Верстку стихотворений срочно пришли в Одессу – пусть просмотрит Соня. Здесь о донецких корректорах и верстальщиках мнение невысокое. И это оправданно.
И еще: зачем ты в своем предисловии пишешь, что я дура? И притом – хитрая дура, которая себя пиарит. Если ты действительно так обо мне думаешь, то зачем книжку издавать? Издай Медовникова – он умный.

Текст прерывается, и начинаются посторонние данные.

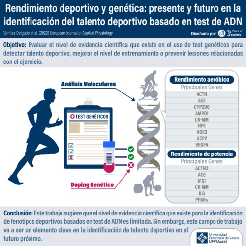 Existen “cerca de 200 polimorfismos genéticos que influyen en los rasgos de rendimiento deportivo, y más de 20 polimorfismos pueden condicionar el estatus del deportista de élite”, comenta el Dr. Varillas. Aun así, el investigador de la UFV señala que “con la evidencia actual, todavía nos encontramos en una etapa temprana para utilizar el genotipado como una herramienta que nos sirva para predecir el rendimiento en el deporte de competición o mejorar los métodos actuales de entrenamiento”.

Словом, вот это вот «такой поэзии ум не нужен» и до конца абзаца меня просто возмущает. Если ты на нем будешь настаивать, то тогда факсимиле мое будет такое:
«АК в своем темном и расплывчатом предисловии высказал одну ясную мысль:
«Стихи издаваемой мною Н. Хаткиной – всем понятны, реалистичны и поэтому глупы. Но это только в стихах Хаткина – дура дурой, а в жизни она вечно всех распихивает и лезет туда, где другие выглядели бы куда более уместно. Читатель! Не верь ему! Он сам дурак!»
В некоторых интернет-изданиях значится, что Хаткина – заместитель главного редактора «Дикого поля». Это неправда. Это невозможно. Мы можем быть сколь угодно близко, но – рядом, а не вместе. Возможно, мы плывем по одной реке и в одном направлении, но – в разных лодках.
Предполагаю, что причина сближений и отталкиваний – астрологическая. Открою: я всегда был старше Хаткиной – на целых два дня. Типа брат. Но быть старшим братом такой сестры – представляете? Так что не надо удивляться.
В год нашего юбилея я решил приоткрыть свой архив. Надеюсь, Наталья Викторовна меня простит.